What is being asked:
An exact copy of every record, with no pictures, please.

The data:
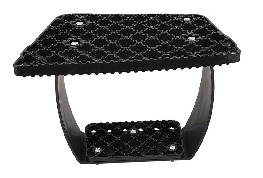 La marche suspendue se situe sur la face latérale droite (côté passager), sous le marchepied droit.
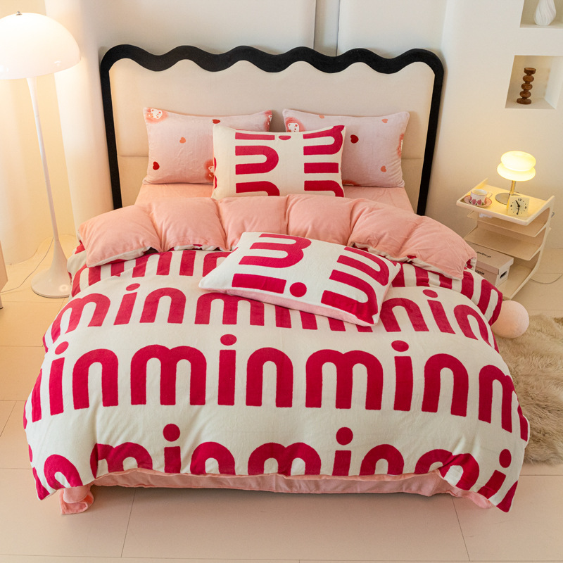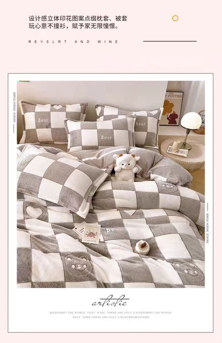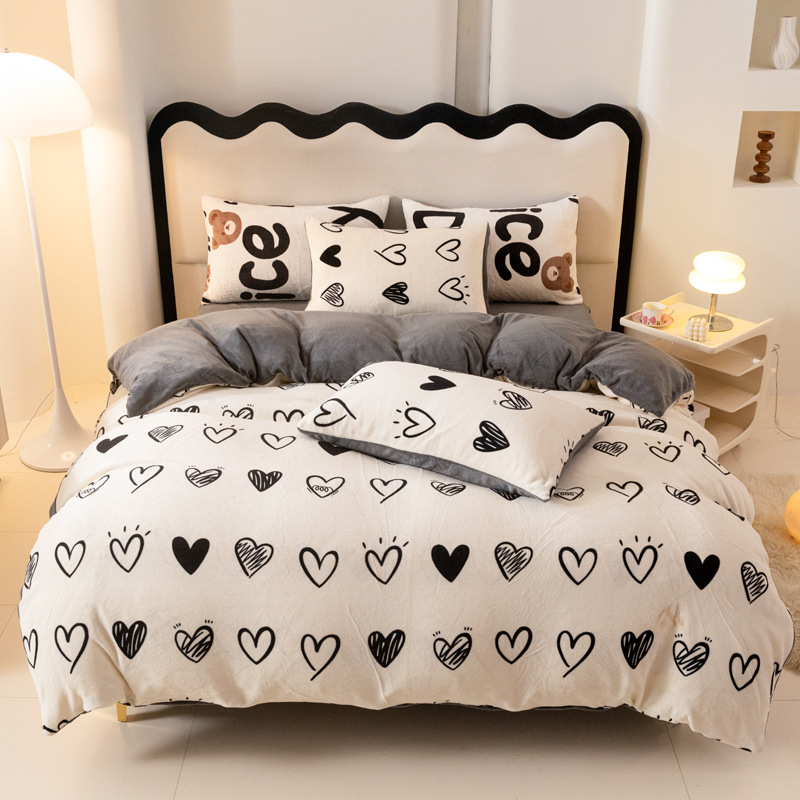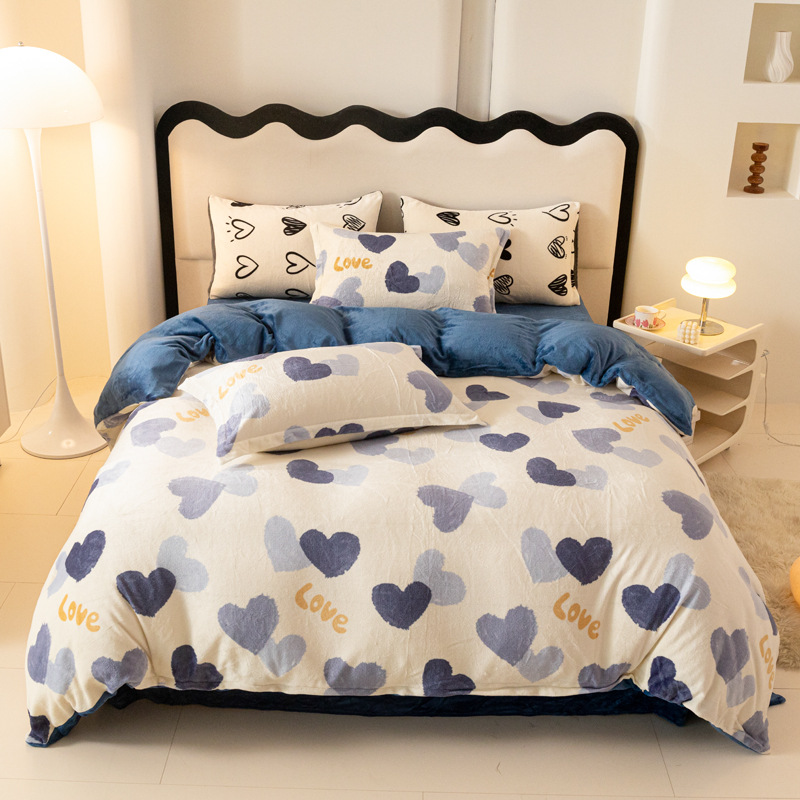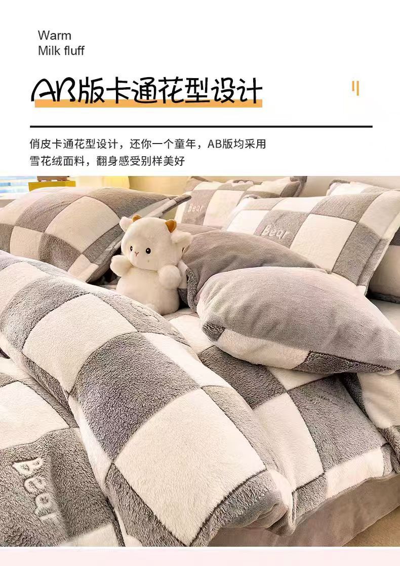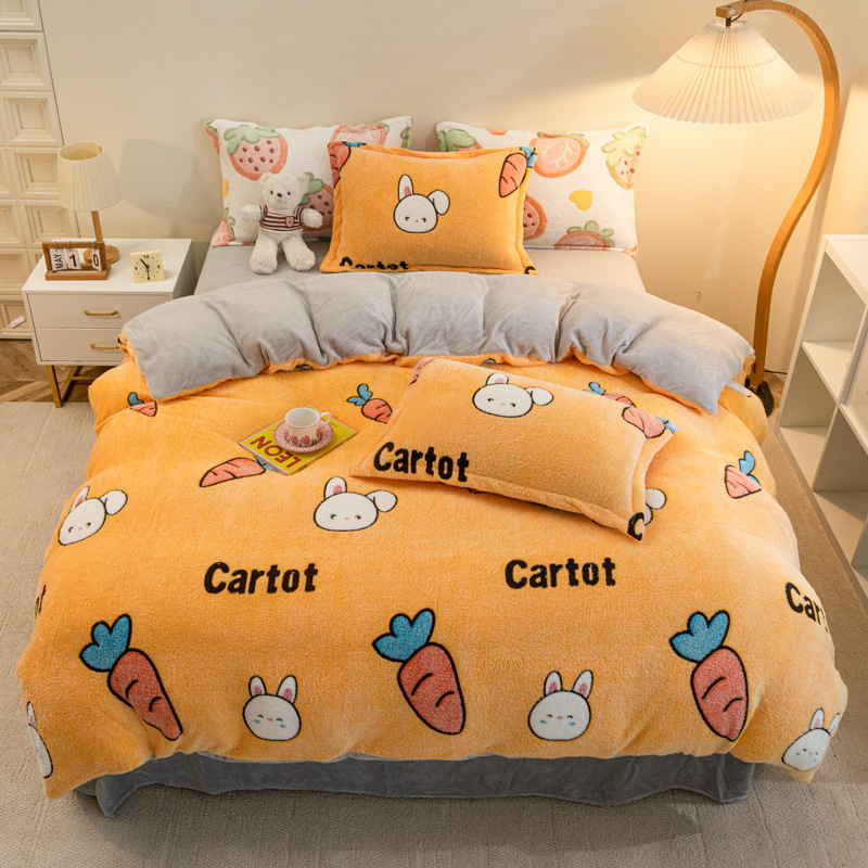 산호 양털 기모 두꺼운 퀼트 커버 스웨이드 침대 4 피스 세트 남성 침대 시트 3 피스 세트 우유 겨울 팔라이 플란넬
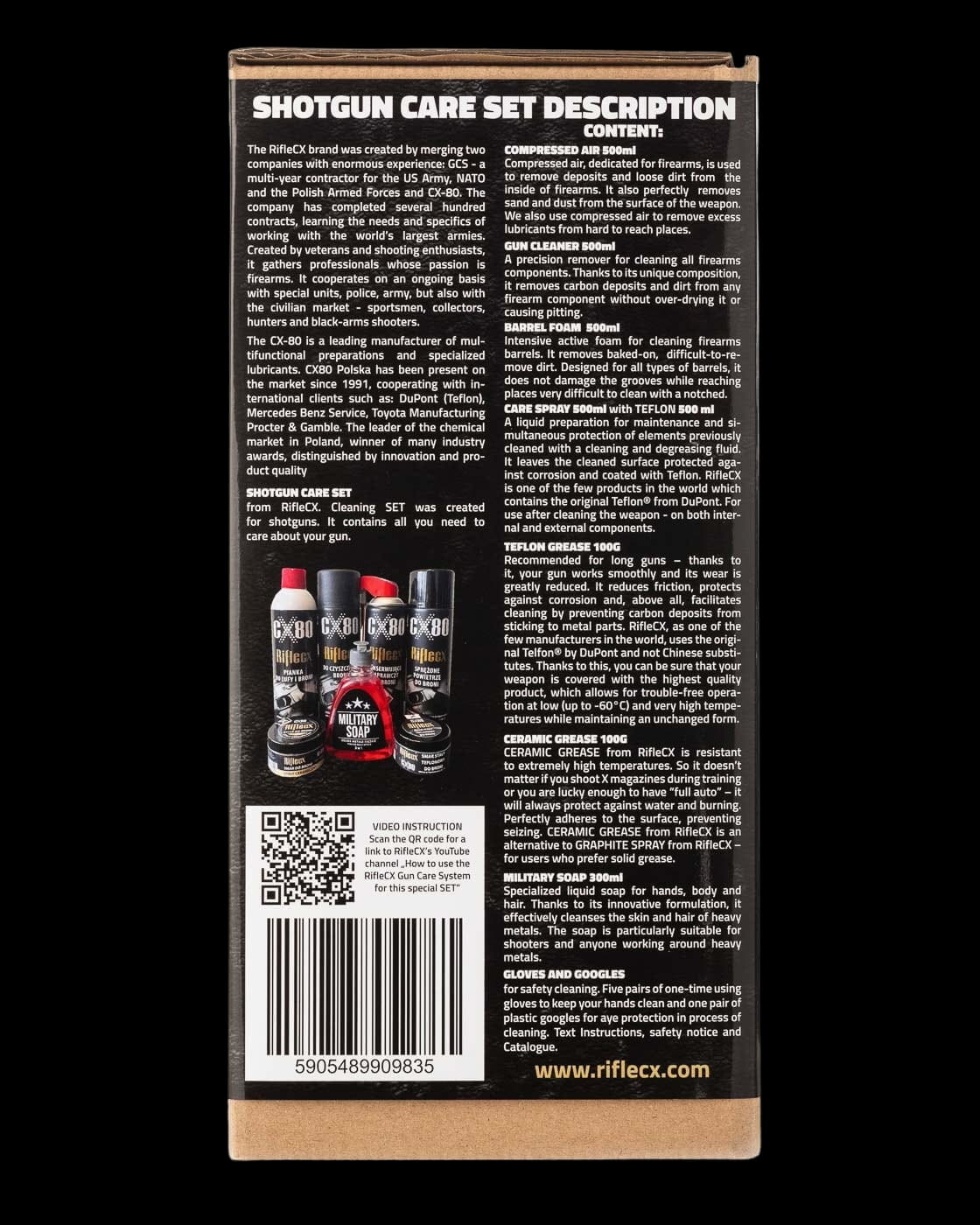 Kupując zestaw do shotgun Riflecx- Gun Care System otrzymujesz wszystko co niezbędne aby właściwie zadbać o Twoją broń. Z tyłu pudełka znajdziesz opis preparatów a z boku kod QR, który poprowadzi Cię do filmów instruktażowych Riflecx na YouTube, gdzie krok po kroku pokażemy Ci jak stosować nasz system.
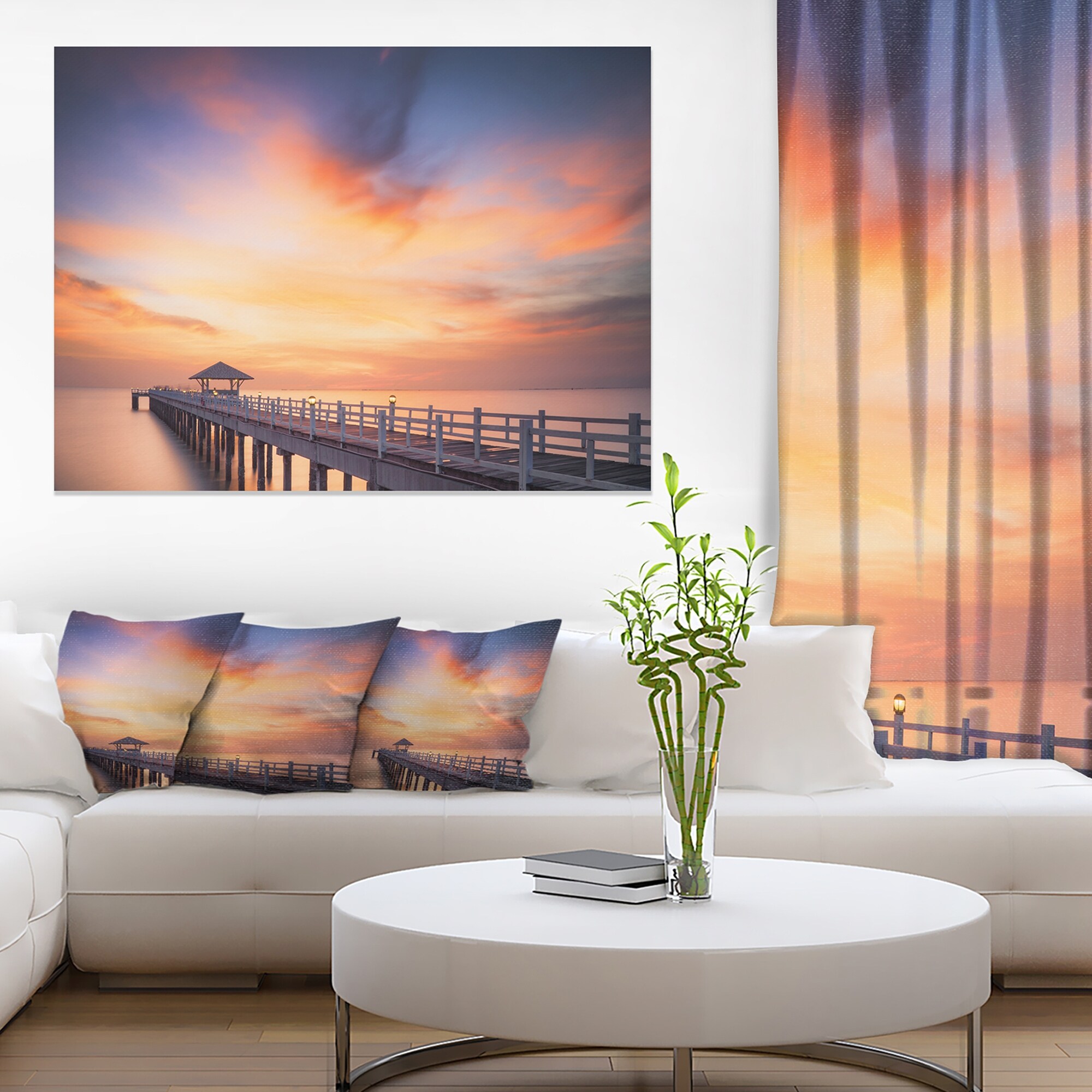 Designart "Pier Infinite to Blue Sea" Seascape Framed Canvas Art Print
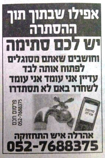 אהרלה הוא אינסטלטור מיוחד: גם יודע לפתוח סתימות, ממש בתוך ההסתרה, וגם יודע לעשות “פרסום חכם”. מספר הטלפון במודעה חוזר על עצמו – גם ללקוחות בלי מזל שהצנרת שלהם נסתמה, וגם ללקוחות פוטנציאלים בתחום הפרסום. כזה עוד לא היה לנו כאן, אז התקשרנו כדי לתהות על קנקנו.
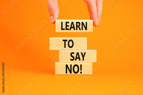 Learn to say no symbol. Concept words phrase Learn to say no on beautiful wooden blocks. Beautiful orange paper background. Businessman's hand Business psychological Learn to say no concept Copy space
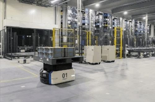 工序間無(wú)人運(yùn)輸車(chē)正在自動(dòng)搬運(yùn)產(chǎn)品
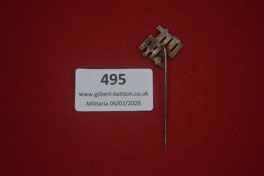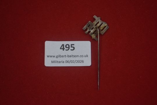 German Third Reich stick pin badge, metal example with crossed tool and agricultural motifs, complete with long twisted pin fitting. Reverse showing cut-out construction. Worn condition with surface oxidation.
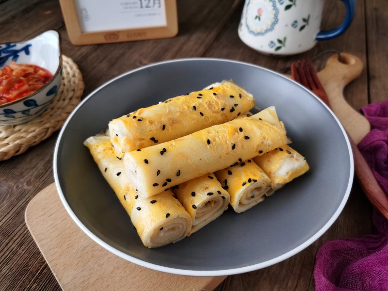 9:鸡蛋饼又薄又软,柔软有韧性,吃起来非常不错。

Answer to this exercise:
 La marche suspendue se situe sur la face latérale droite (côté passager), sous le marchepied droit.
 산호 양털 기모 두꺼운 퀼트 커버 스웨이드 침대 4 피스 세트 남성 침대 시트 3 피스 세트 우유 겨울 팔라이 플란넬
 Kupując zestaw do shotgun Riflecx- Gun Care System otrzymujesz wszystko co niezbędne aby właściwie zadbać o Twoją broń. Z tyłu pudełka znajdziesz opis preparatów a z boku kod QR, który poprowadzi Cię do filmów instruktażowych Riflecx na YouTube, gdzie krok po kroku pokażemy Ci jak stosować nasz system.
 Designart "Pier Infinite to Blue Sea" Seascape Framed Canvas Art Print
 אהרלה הוא אינסטלטור מיוחד: גם יודע לפתוח סתימות, ממש בתוך ההסתרה, וגם יודע לעשות “פרסום חכם”. מספר הטלפון במודעה חוזר על עצמו – גם ללקוחות בלי מזל שהצנרת שלהם נסתמה, וגם ללקוחות פוטנציאלים בתחום הפרסום. כזה עוד לא היה לנו כאן, אז התקשרנו כדי לתהות על קנקנו.
 Learn to say no symbol. Concept words phrase Learn to say no on beautiful wooden blocks. Beautiful orange paper background. Businessman's hand Business psychological Learn to say no concept Copy space
 工序間無(wú)人運(yùn)輸車(chē)正在自動(dòng)搬運(yùn)產(chǎn)品
 German Third Reich stick pin badge, metal example with crossed tool and agricultural motifs, complete with long twisted pin fitting. Reverse showing cut-out construction. Worn condition with surface oxidation.
 9:鸡蛋饼又薄又软,柔软有韧性,吃起来非常不错。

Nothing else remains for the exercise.